简体繁体 English

关于卡桑德拉的泰坦地理数据

[英]Titan geo data on Cassandra

原文 2014-03-15 03:14:20 1 1 graph/ cassandra/ titan

I'm looking at using Titan to create a scalable geospatial data store (I'm thinking R trees). 我正在寻找使用Titan来创建可扩展的地理空间数据存储（我在想R树）。 In the documentation, there is a GeoShape query, and the docs say that titan can do geo data with Lucene or ElasticSearch. 在文档中，有一个GeoShape查询，文档说titan可以使用Lucene或ElasticSearch执行地理数据。 However, it seems like this would be very slow because traversing nodes in cassandra is essentially doing join queries in cassandra which is a really bad idea. 但是，看起来这会非常慢，因为在cassandra中遍历节点本质上是在cassandra中进行连接查询，这是一个非常糟糕的主意。 I think I might be misunderstanding the data representation. 我想我可能会误解数据表示。

I read the Titan Data Model doc , and I still don't quite get it. 我阅读了Titan数据模型文档，但我仍然不太了解它。 If all the edges are stored in a Cassandra row, then Titan would still have to "join" on a vertex table. 如果所有边都存储在Cassandra行中，那么Titan仍然必须在顶点表上“连接”。 One way to solve this would be to make the column value equal to the edge property data, and then you could neatly package the vertex data and the edge data into the row. 解决此问题的一种方法是使列值等于边属性数据，然后您可以将顶点数据和边数据整齐地打包到行中。 However, this breaks down when you want to do queries deeper than 1 node, and we're back to the joining problem again. 但是，当您想要执行超过1个节点的查询时，这会中断，我们又会再次回到加入问题。

So. 所以。 Is titan emulating join queries in Cassandra? Titan是否在Cassandra中模拟连接查询？ - and - How performant is it at geo lookups under these conditions? - 和 - 在这些条件下地理查找的性能如何？

1 个解决方案

I think the question conflates edge traversal with geospatial index lookups. 我认为这个问题将边缘遍历与地理空间索引查找混为一谈。 These are separate at both the API and implementation levels. 它们在API和实现级别都是分开的。 The index is not illustrated in the data model pictures. 索引未在数据模型图片中示出。

Let's make this a little bit more specific. 让我们更具体一点。 Say I run Titan with ES and Cassandra using Murmur3Partitioner or RandomPartitioner. 假设我使用Murmur3Partitioner或RandomPartitioner与ES和Cassandra一起运行Titan。 I declare an ES geospatial index over edges called "place", as documented in the Getting Started page . 我在边缘称为“地点”的ES地理空间索引，如“入门”页面中所述。 Looking up edges by geospatial queries, such as this "WITHIN" in the Getting Started docs , first hits ES. 通过地理空间查询（例如“入门”文档中的“WITHIN”）查找边缘，首先点击ES。 ES returns IDs Titan can use to lookup the associated vertex/edge data in Cassandra quickly, without doing an analog to relational joins. ES返回ID Titan可以用来快速查找Cassandra中相关的顶点/边缘数据，而无需对关系连接进行模拟。
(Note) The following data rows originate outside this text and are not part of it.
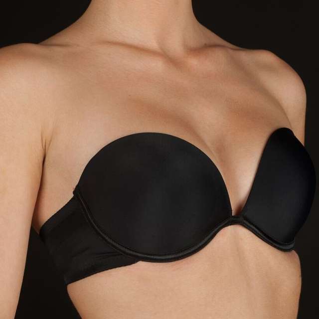 Sujetador con aros y copa de relleno escotada, sin tirantes, fabricado en cómoda microfibra . Incluye doble juego de tirantes desmontables. Copa B.
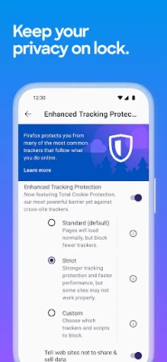 • Enhanced tracking protection — Choose the “strict” setting as an incognito browser and get even more privacy protections with an ad blocker.
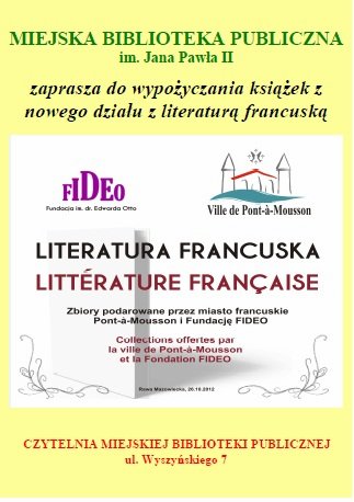 W piątek 26.10.2012 r. w Czytelni Miejskiej Biblioteki Publicznej odbyło się uroczyste otwarcie działu z literaturą w języku francuskim. Zbiory zostały podarowane przez miasto francuskie Pont-?-Mousson oraz Fundację im. dr. Edwarda Otto.
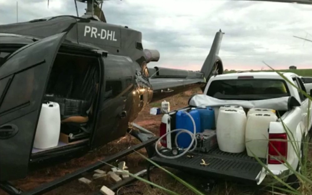 Há informações de que a quadrilha também abastecia o helicóptero em uma cidade do Paraná. Segundo a PF, o helicóptero está com documentação regularizada.
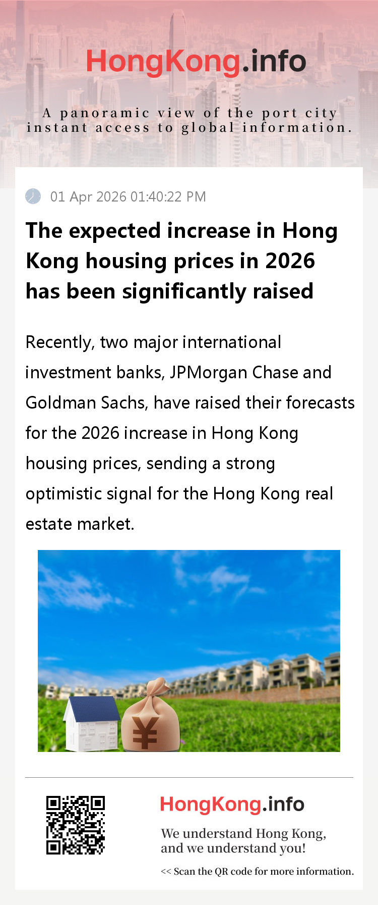 JPMorgan recently released a research report that significantly adjusted its forecast for Hong Kong housing price increases in 2026, from the original 5% -7% to 10% -15%. The increase is significant, and it is expected that Hong Kong housing prices will continue to steadily rise by about 5% in 2027, demonstrating firm confidence in the long-term trend of the Hong Kong property market.
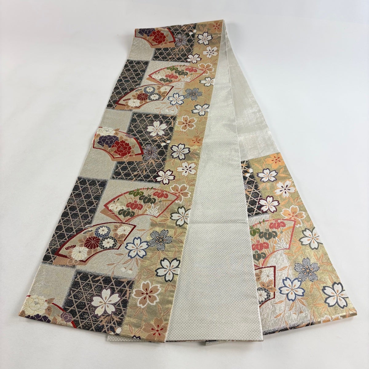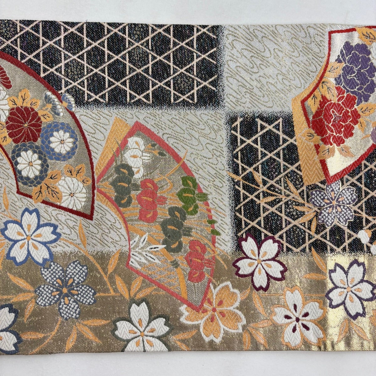 袋帯 秀品 扇面 桜 唐織 箔 ベージュ 六通 正絹
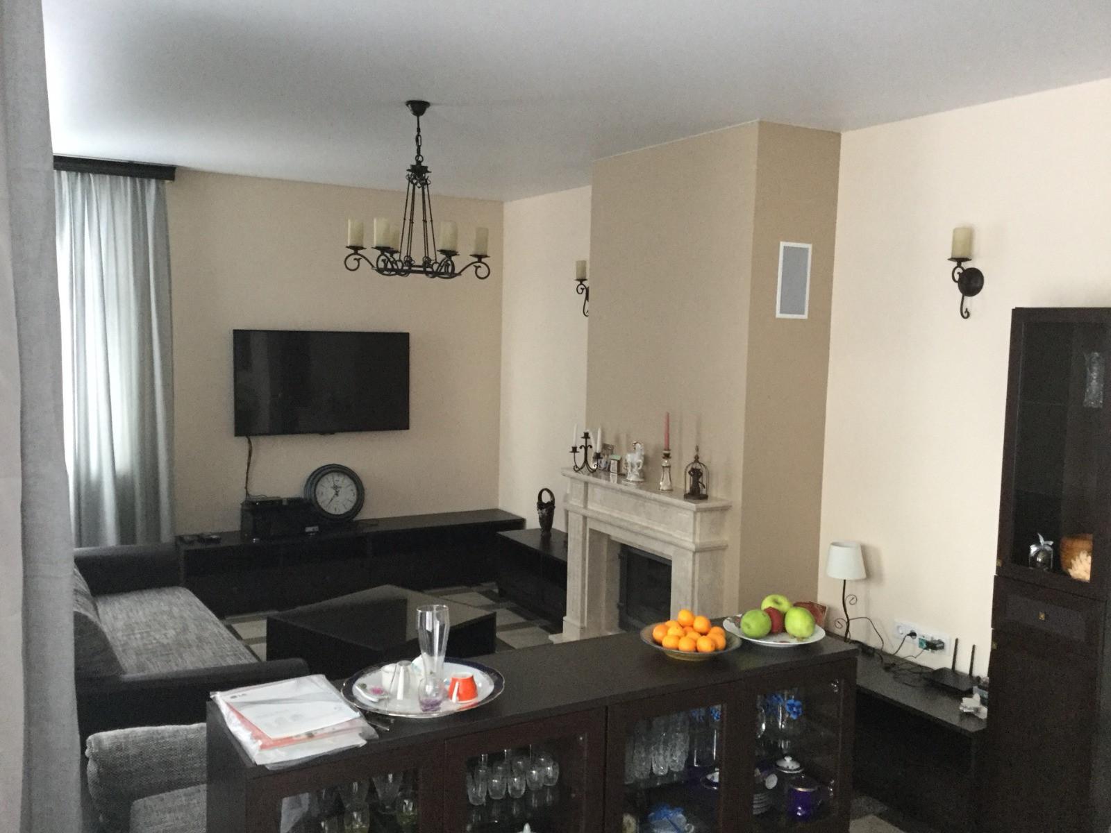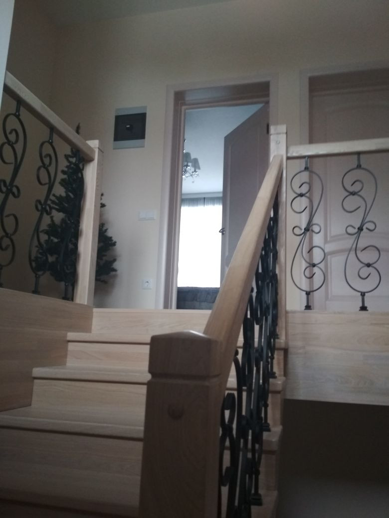 На первом этаже расположены: кухня с панорамной гостиной, с витражным остеклением (ст/пакет тройной, энергосберегающий с легкой тонировкой от солнца) с выходом на крытую летнюю террасу и во двор, 2 спальни, 2 санузла, хозяйственная комната. Кухня их массива ясеня. В гостиной дровяной камин с облицовкой мрамором.
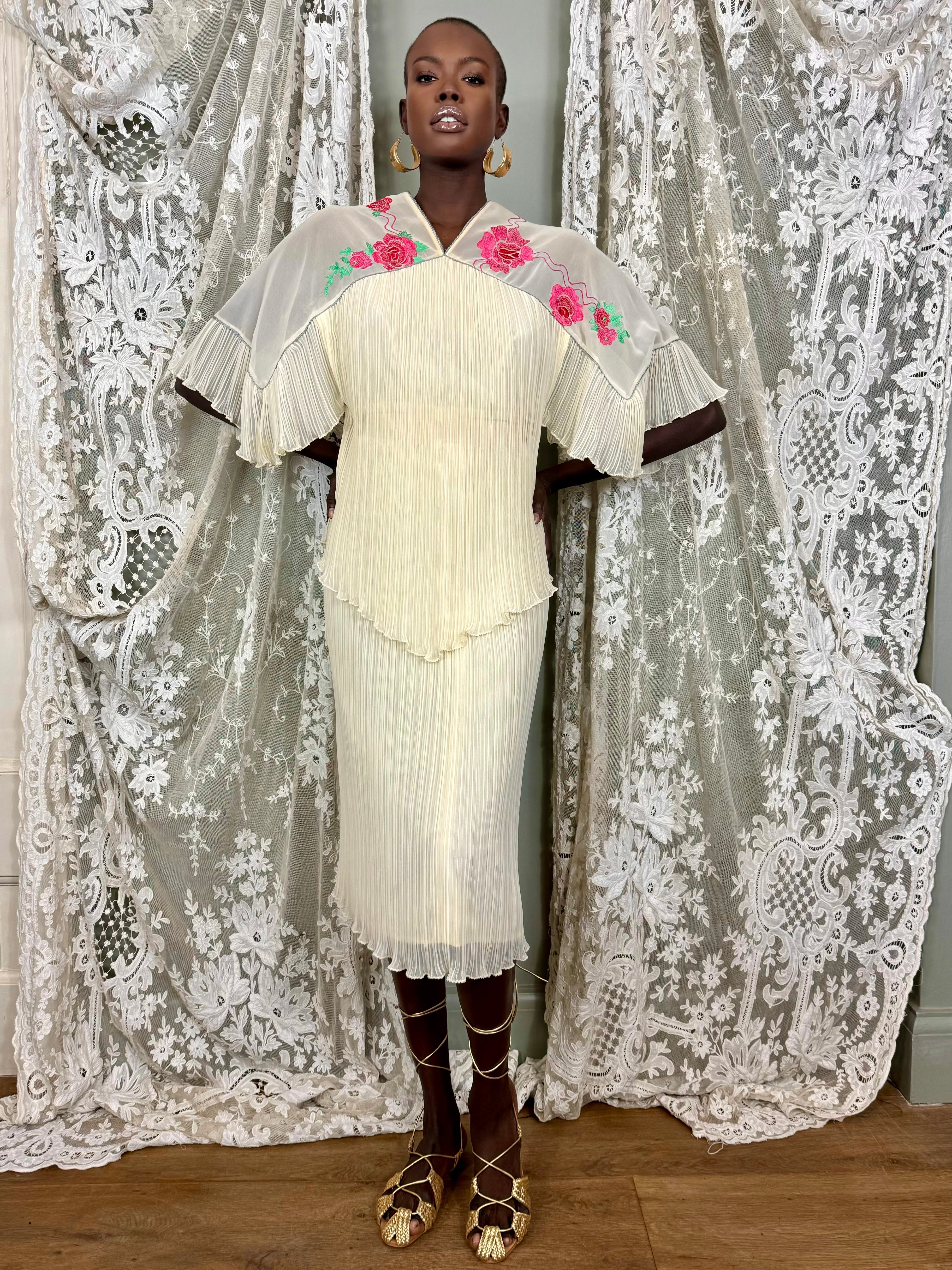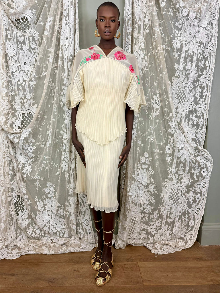 Collectable and rare Janice Wainwright 70s floral embroidered blouse and skirt set. The short wide sleeve blouse features intricate floral embroidery and a micro pleated and handkerchief design, while the midi skirt comes lined for added comfort.
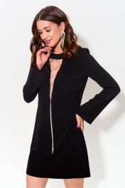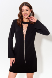 Нарядное платье длины мини, приталенного силуэта. По переду платья расположен v-образный вырез, с шнуровкой из декоративного шнура из страз. Рукав втачной, прилегающий. По спинке расположены талиевые вытачки и потайная молния. Обращаем ваше внимание, что фурнитура может незначительно отличаться от фото. Длина рукава 63 см. Длина изделия 42-46 85 см 48-50 89 см.
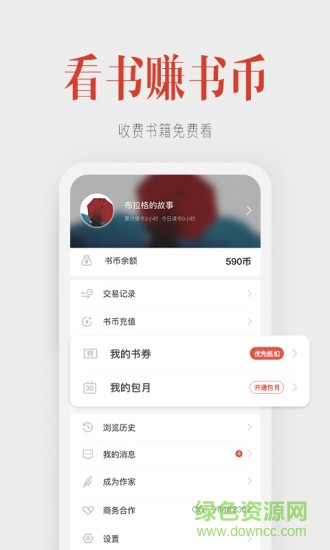 一边看书,一边赚书币。看一本,兑一本。阅读时长随时可兑换,付费书籍一样免费看。
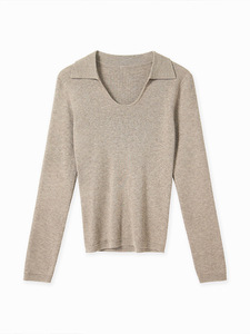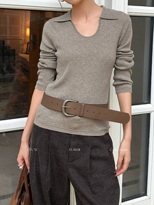 ELSISSI复古修身U领撞色长袖针织衫女2025秋季新款十三行慵懒上衣
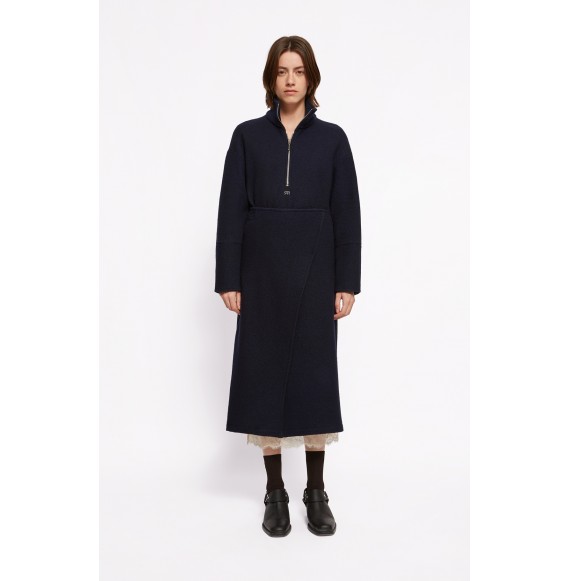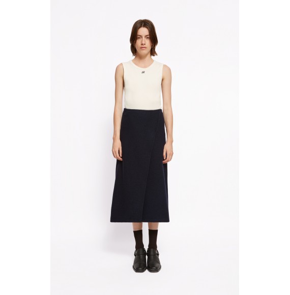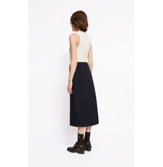 Jupe midi en laine Roseanna, modèle MARTIN, coloris Dark Navy.
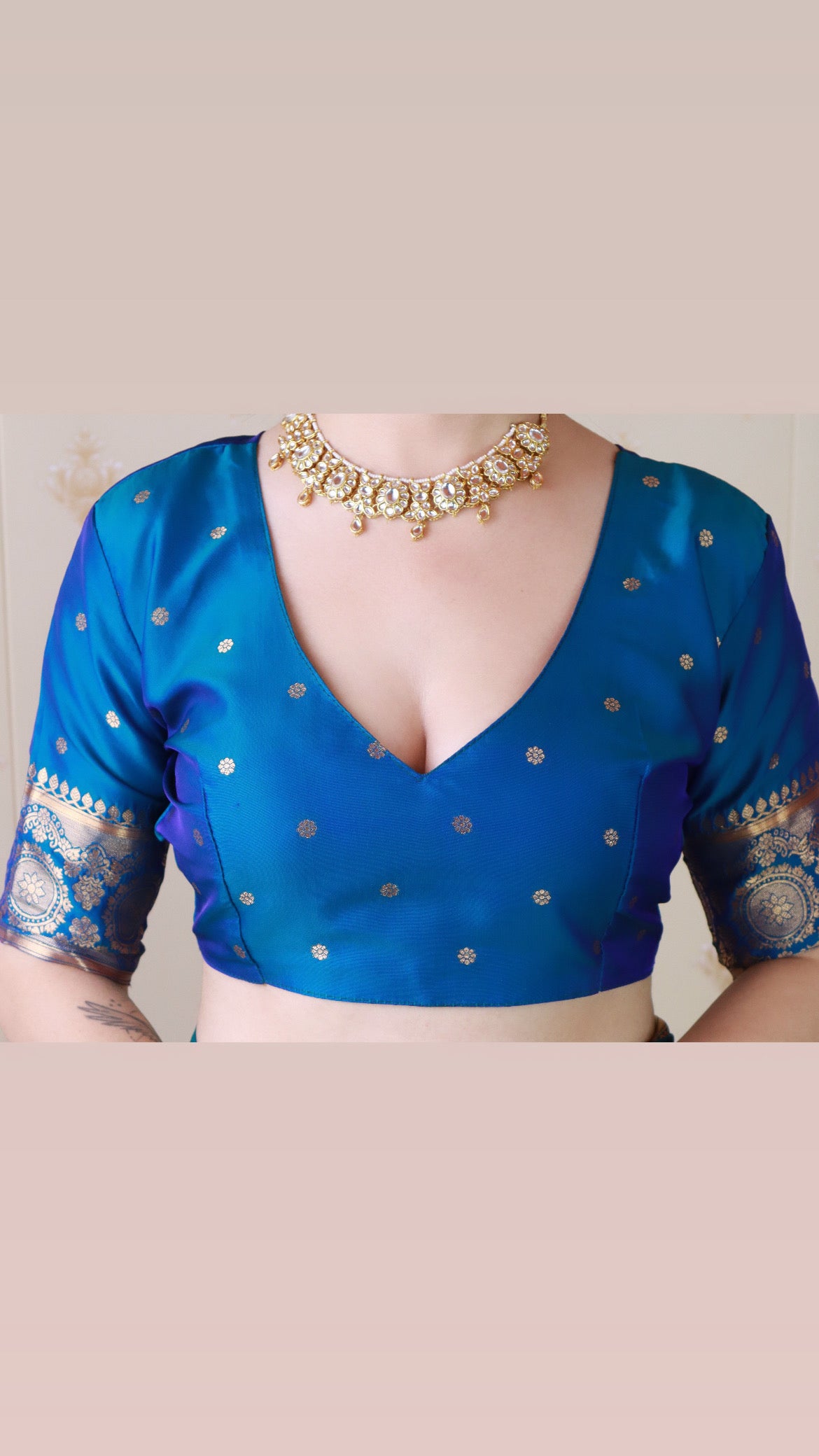 Rama Blue Chandrakor Paithani Silk Banarasi Zari Woven Saree
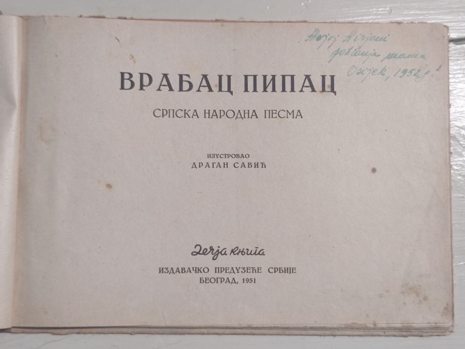 1. Vrabac Pipac, srpska narodna pjesma, izdavač: Dečja knjiga, Beograd, 1951.g., ilustrirao Dragan Savić, tvrde korice, 24 str. u boji, na ćirilici, sačuvano.
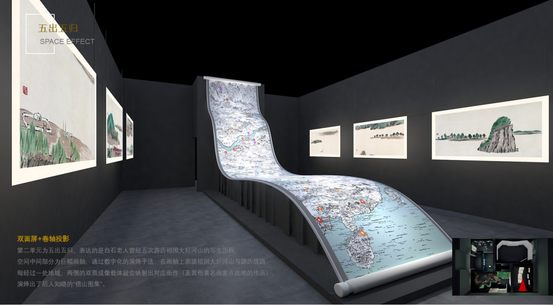 將白石老人作品與真實山川結合,呈現(xiàn)齊白石行旅軌跡。空間中間部分打造為巨幅畫軸,通過雙面屏和卷軸投影的數(shù)字化演繹手法,在畫軸上表現(xiàn)祖國大好河山與游歷線路,每經(jīng)過一處地域,兩側的雙面成像載體就會映射出對應畫作(及齊白石臨摹著名畫家在此地的作品),演繹出了后人知曉的《借山圖冊》。你將立于“五出五歸”的巨大畫卷前,看齊白石遠游的路,入目的景,鑒賞過的古人書畫,感受師前人與師造化所帶來的視覺洗禮。
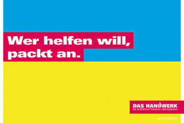 Betriebe und Soloselbstständige, die ihre Solidarität mit der Ukraine ausdrücken möchten, können das neue Motiv aus der Imagekampagne kostenfrei auf unserer Website downloaden.
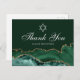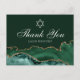 O elegante ágata verde escuro e dourado decora a lateral deste cartão moderno de agradecimento de Bar Mitzvah. Personalize com seu nome sob a Estrela de Davi. Cartões perfeitos para uma família judia que celebra um menino sendo chamado à Torá.
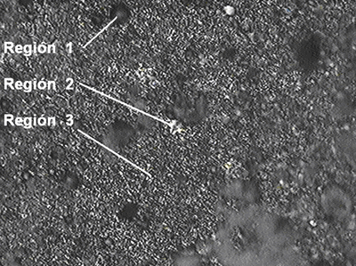 Introduction Sialons are ceramics phases occurring in the SiO2 – Si3N4 – AlN – Al2O3 system. Due to their chemical inertness, good thermal shock resistance, and excellent mechanical properties retained up to high temperatures, sialon systems have found considerable applications in engineering [1]. They can have a wide range of compositions, the more commonly encountered forms of sialon being β-sialon, O-sialon, X-sialon, and α-sialon. β-sialon is Si6–zAlzOzN8–z, where z can have values from 0 (pure Si3N4) to 4.2. These sialons are isostructural with β-Si3N4. O-sialon is Si2 – xAlxO1+xN2 – x, where x can have values from 0 to about 0.4. X-sialon, nominally Si12Al18O39. These sialons are isostructural with mullite, and can be regarded as solid solutions of mullite with Si3N4. α-sialon is isostructural with α-Si3N4 and can be formed in the presence of stabilizing metal ions as Mg, Y or Ca [1]. Sialons are almost never found as natural minerals and sialon powders must be synthesized. Sialons can be made by reaction sintering or hot pressing a starting powder mixture of oxide, nitride and oxynitride powders [1, 2]. They can also be made using of a carbothermal reduction process (CTR) [3, 4]. On the other hand, reactive dc magnetron sputtering is a technique that allows the development of various types of coatings. These coatings can be pure metallic and non-metallic, metallic oxides, metallic nitrides and metallic carbides; with very varied structures and properties [5]. There are few reports in the literature on the manufacture of coatings from the quaternary Si-Al-O-N system [6]. In this work we report studies on coatings from this system, using different techniques to characterize their structure and chemical composition. Experimental Coatings from the Si – Al – O – N system were prepared using DC magnetron reactive co-sputtering technique (Sputtering INTERCOVAMEX system) on high speed steel (HSS) substrates. A cylindrical aluminum tablet of 5.0 cm diameter was used as the target, which was covered partially with pieces of c-Si, so that Si:Al fractions 50:50 and 60:40 in area were defined. Argon was used as the like inert gas (99.999% purity), and oxygen and nitrogen (99.999% and 99.5% purity, respectively) as the reactive gases. Optical emission spectroscopy (OES) was performed during the growth processes of the coatings, in order to detect the involved species in the plasma (optical fiber spectrometer Ocean Optics 2000). The resultant coatings were analyzed by scanning electron microscopy (SEM) (PHILIPS EDAX XL30 ESEM). Additionally, analyses of chemical composition by energy dispersive spectroscopy (EDS) were performed for each sample. Structure was studied by X-ray diffraction (XRD, Rigaku D/Max-2100). Micro-Raman dispersion spectra were obtained using a DILOR Spex system, working with the He-Ne excitation line at 632.8 nm. The parameters used in the growth process of the coatings obtained are listed in Table 1. Table 1. Growth parameters of reactive DC magnetron sputtering system for the Si-Al-O-N system. | Coating | | SO3N10B0 | 60 | 25 | 3 | 10 | 1.0 x 10-1 | 35 | 0 | | SO3N12B0 | 60 | 25 | 3 | 12 | 1.0 x 10-1 | 33 | 0 | | SO0N20B0 | 60 | 20 | 0 | 20 | 8.8 x 10-2 | 30 | 0 | | SO0N20B-300 | 60 | 15 | 0 | 20 | 7.6 x 10-2 | 35 | -300 | | SO0N18B-300 | 60 | 18 | 0 | 18 | 8.0 x 10-2 | 30 | -300 | | SO0N20B-250 | 50 | 15 | 0 | 20 | 1.2 x 10-1 | 30 | -250 | Results and Discussion The objective of this work was to develop a production method for coatings from the Si-Al-O-N system by means of the reactive DC magnetron sputtering technique. Coatings were obtained by varying growth parameters (Table 1), allowing us to evaluate the effect on structure and composition of the samples. The EDS chemical compositions of each of the obtained coatings are listed in Table 2. Table 2. Chemical composition of the coatings samples obtained by EDS measurements. | Coating | | SO3N10B0 | 25.51 | 13.03 | 61.45 | 0 | | SO3N12B0 | 28.51 | 10.41 | 61.08 | 0 | | SO0N20B0 | 40.69 | 4.48 | 51.78 | 3.05 | | SO0N20B-300 | 35.70 | 8.30 | 49.08 | 6.92 | | SO0N18B-300 | 42.29 | 4.85 | 47.66 | 5.20 | | SO0N20B-250 | 40.30 | 3.89 | 49.36 | 6.45 | It is seem that the bias voltage in the substrate aids nitrogen incorporation. Without bias voltage and with a nitrogen flow of 20 sccm, a coating contains 3.05 at.% of nitrogen; on the other hand, 6.45 and 6.92 at.% of nitrogen content are obtained, respectively, when bias voltages of -250V and -300V are applied. Nevertheless, the application of high negative bias voltages to the substrate produces strong erosion of the coating (Figure 1).  Figure 1. Scanning electron microscopy image of SO0N20B-250 coating obtained using a -250 V bias voltage on the substrate. When bias is not applied, no erosion of the surface is observed in Figure 2.  Figure 2. Scanning electron microscopy image of SO0N20B0 coating obtained without bias voltage on the substrate. The optical emission spectrum of sample SO0N20B-250 (Figure 3) shows the following species: Ar(I), which are the most remarkable lines; N2, N2+, N(I), Al(I) and Si(II), at 375 nm, 391nm, 868 nm, 394 nm and 637 nm, respectively [7, 8].  Figure 3. Optical emission spectrum obtained during evaporation of SO0N20B-250 coating. Figure 4 shows OES spectra of the co-sputtering process with an aluminum-silicon target. All curves show characteristic peaks of Argon (20 sccm); the bottom curve is due to a process with a pure argon atmosphere, where we can clearly see the signal of aluminum (396 nm). The other curves were obtained introducing different fluxes of nitrogen (5, 10, and 15 sccm) in the chamber vacuum in addition to argon. We can observe the nitrogen peaks (N2, N2+ and N (I)) increasing and a reduction in the argon peaks when the nitrogen flux increases. We observe also that there is no effective aluminum erosion (absence of the Al peak) when nitrogen flux is introduced into the vacuum chamber, which can be du

The cost of these edge lookups by geospatial data should be roughly equivalent to the cost of ES's WITHIN implementation (which I think is delegated to Spatial4j), plus the lookups Titan makes on Cassandra after getting IDs, which should be roughly linear in the number of edges found by ES. 地理空间数据的这些边缘查找的成本应该大致相当于ES的WITHIN实现（我认为委托给Spatial4j）的成本，加上Titan在获取ID后对Cassandra进行的查找，其数量应大致为线性。 ES发现的边缘。 This is just back-of-the-envelope estimation, so please take it with a big grain of salt. 这只是背后的估计，所以请大量使用它。

After I get place edges by geo matching, if I then want to run arbitrary traversals in the neighborhood of each edge in the set, then I would have a look at rooting a MultiQuery on the head/tail vertices and enabling database-level caching. 在我通过地理匹配获得边缘之后，如果我想在集合中的每个边缘附近运行任意遍历，那么我将看看在头/尾顶点上生成MultiQuery并启用数据库级缓存。 If the query misses cache or cache is cold/disabled, then Titan will still attempt to retrieve all edges the traversal cares about in a single Cassandra slice per vertex, when possible. 如果查询未命中缓存或缓存已冷/禁用，则Titan仍会尝试在可能的情况下检索遍历在每个顶点的单个Cassandra切片中所关注的所有边。 If you're concerned about Titan's edge traversal efficiency, then you might find Boutique Graph Data with Titan interesting. 如果您担心Titan的边缘遍历效率，那么您可能会发现带有Titan的Boutique Graph Data很有趣。